Bu soruyu makam, mevki, şöhret budalası Müslüman (!) kardeşime soruyorum. Bu soruyu malımın 1/40 ını zekat olarak verir, gerisi ile de dilediğimce yaşarım, Allah nimetini kulunun üzerinde görmek ister diyen Firavun, Haman, Karun özentisi Müslüman (!) kardeşime soruyorum. 

Bu soruyu, emri hak vaki olup da iki metrekarelik bir çukura gireceğini unutarak, saray yavrusu rezidanslarda Firavun sofralarının başında Allah’ı unutan basiretsiz zavallı Müslüman(!) kardeşlerime soruyorum. 

Bu soruyu... Sayın Cumhurbaşkanı'mıza, Sayın Başbakan'ımıza, Sayın Devlet Bahçeli'ye soruyorum. Ne yazık ki, Türkiye'nin bu derin sosyal anomi hali bu toplumsal çılgınlık hali bu ateşi göklere ulaşan kızılca kıyamet hali ve tsunami ölçeğinde ki bu da'da-a bu vaveyla bu bitmek bilmeyen gözyaşları ve muazzep olan vicdanlar ne Sayın Cumhurbaşkanı'mızın, ne Sayın Başbakan'ımızın ne de Sayın Bahçeli'nin umurlarında bile değil.

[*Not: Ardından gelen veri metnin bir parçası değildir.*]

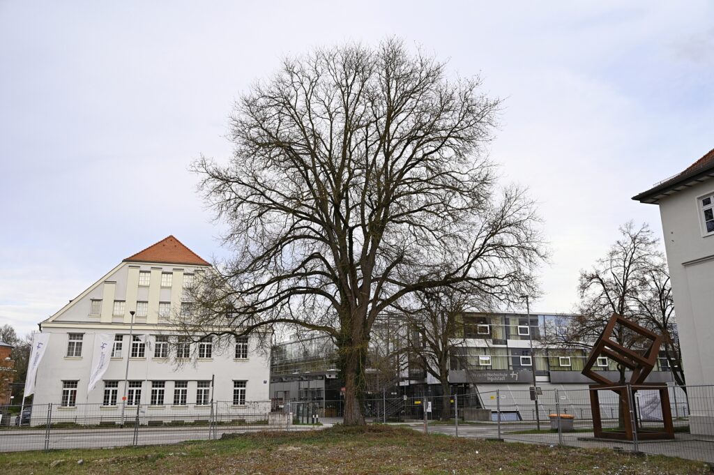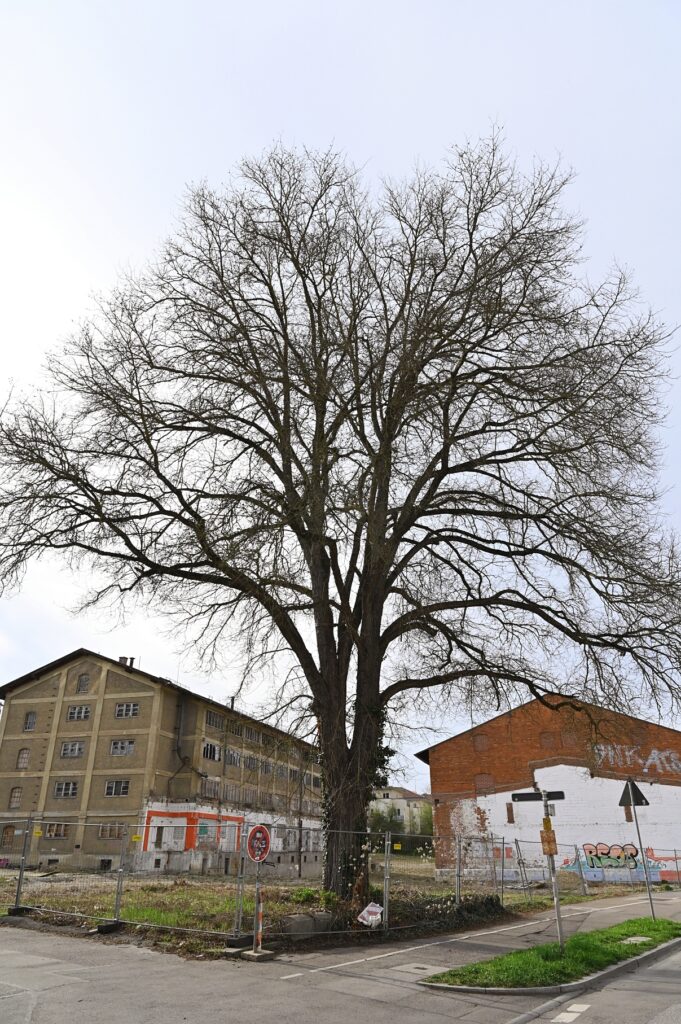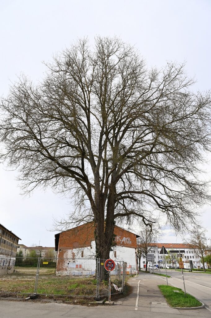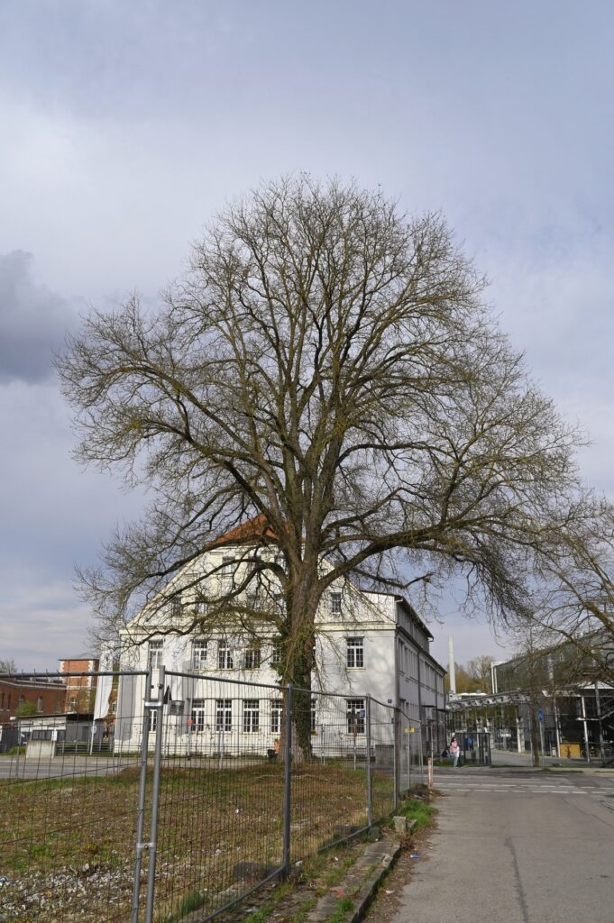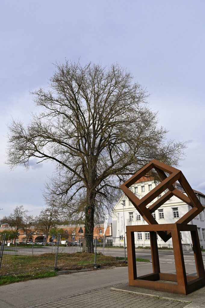 Gegenüber der Technischen Hochschule Ingolstadt, zwischen Lechner Museum (die zwei Eisenwürfel deuten es an) und Körnermagazin, steht eine imposante Feld-Ulme. Genau hier: schale.handtuch.schlaf. Am 05. April 2025 habe ich sie (der man die Nummer 39 gegeben hat) für diese Notiz eingefangen. In der Liste der Ingolstädter Naturdenkmäler gibt es nur diese zwei weiteren Exemplare der Art.
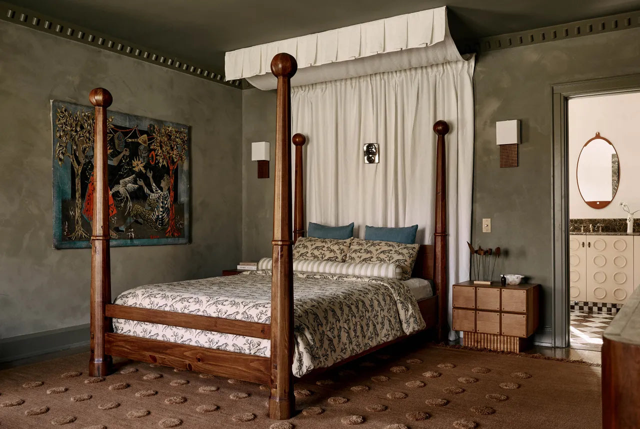 Master bedroom: Custom box pleat canopy
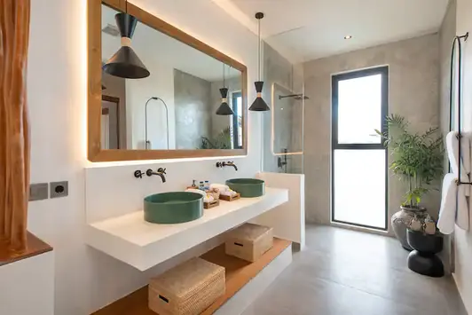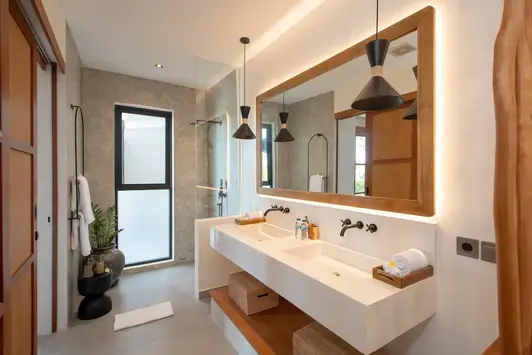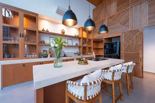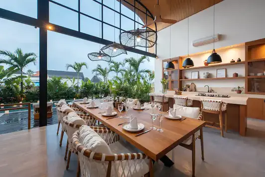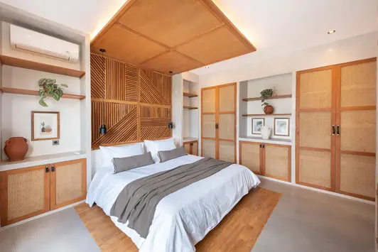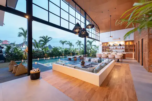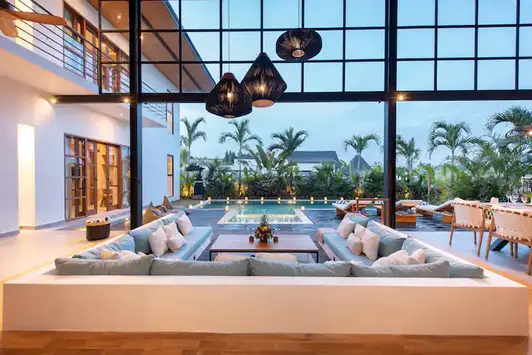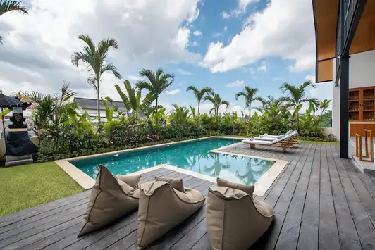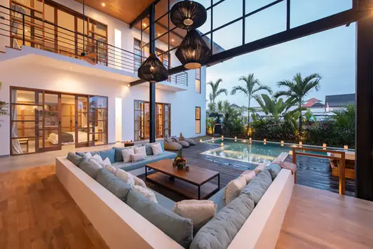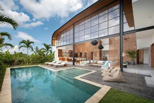 This villa is a stunning newly built 4 bedroom designer pool villa located in the hip and happening area of Berawa/Canggu. This luxurious villa is a haven of escape quietly positioned for your peaceful enjoyment yet only moments from the bustling cafes, beach clubs, restaurants, shopping and nightlife of Bali’s most desirable tourists destination.
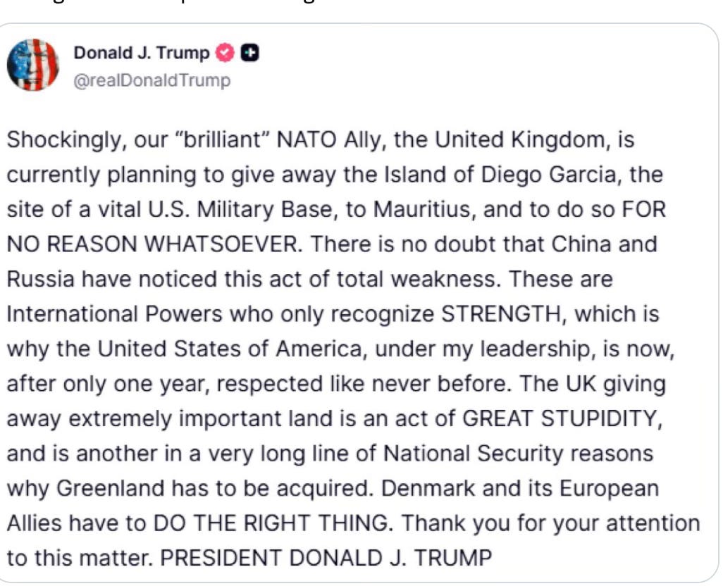 I hope Trump does escalate this further. And yes, the Chagossians have been treated deplorably. But Starmer, bowing to every bit of bad advice from his globalist counterpart, Lord Hermer, doesn't give a hoot about anyone, least of all his own people. Let's see Starmer squirm a bit more. He deserves it.
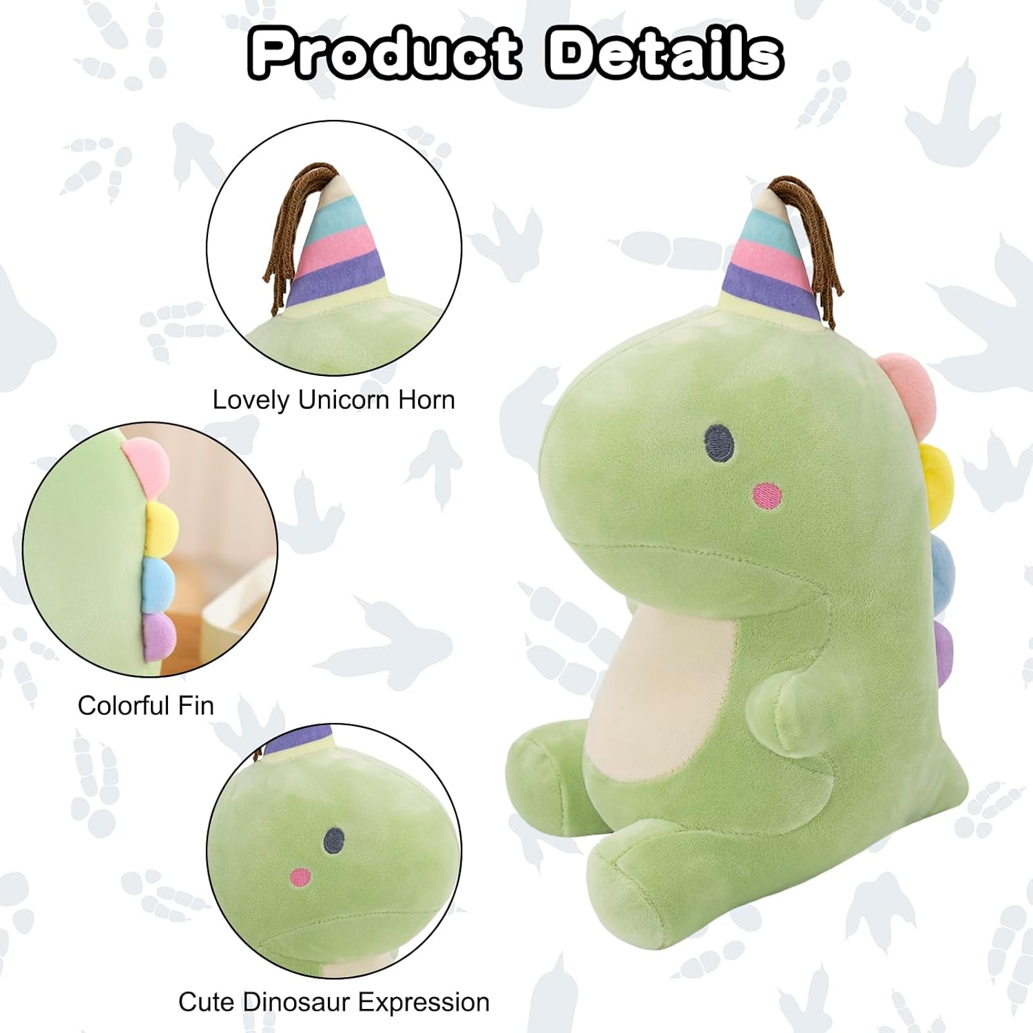 - 【Creative Plush】Cute cartoon design, with a unicorn horn, no one can resist his charm. All bad emotions and work stress will disappear when you embrace the dino plushie toy!
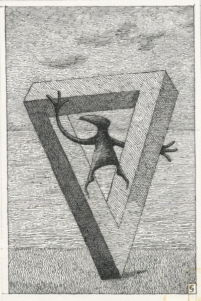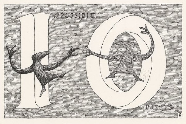Представленные изображения из неоконченной серии "10 невозможных объектов". Первое изображение - обложка серии. На второй изображен Figbash внутри треугольника Пенроуза.
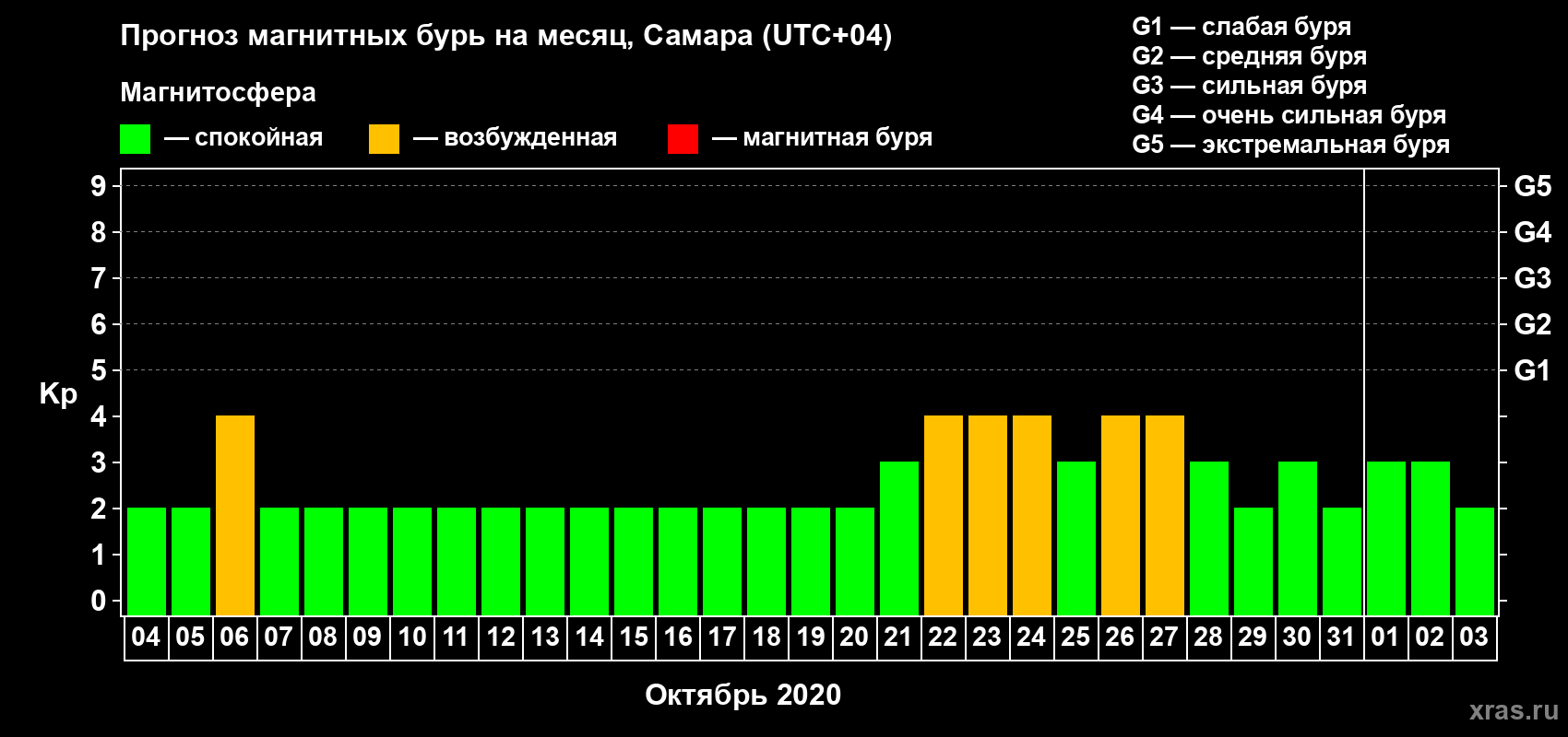 Прогноз магнитных бурь в Самаре на 4 октября 2020 года
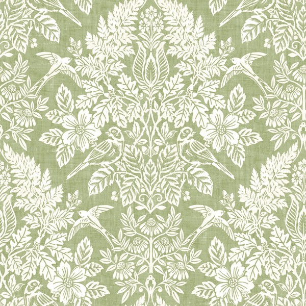 Pattern Name:Finch Light Green Woodland Damask Wallpaper
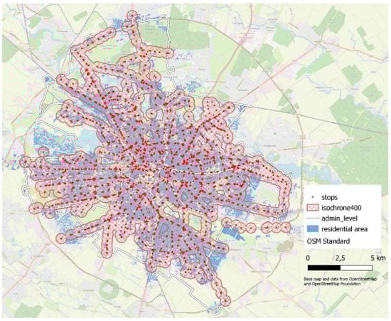 Since the accessibility of the public transport network influences travel demand and urban development [58], its evaluation is necessary for determining the performance of the public transport system. In Figure 8, we show the determination of the isochrones at a walking distance of 400 m (5-min isochrones) from each stop/station using the buffer feature of QGIS based on a fixed distance, considering an average pedestrian speed of 4.8 km/h. For the present research, we used radial isochrones, taking into consideration the fact that Bucharest has a plain topography, does not change much in elevation, has facile connections between main roads and public transport, and has dense residential areas.

Sayın Cumhurbaşkanımız... bütün benliğiyle, bütün hücreleri, genleri, kromozomlarıyla, bütün sinir uçları ve tüm korteksleriyle sadece ve sadece "TEK ADAM - MONARK" olmaya kilitlenmiş. Sayın Başbakan ve Sayın Bahçeli'de bu yönde birbirleriyle "Bezm -i Elest'de, Ahd -ü Misak" yapmışçasına bu derin, girift, sofistike tehlikeli dalganın Türkiye'yi bir "TSUNAMİ" gibi yutmasına en üst noktadan katkı sağlıyorlar.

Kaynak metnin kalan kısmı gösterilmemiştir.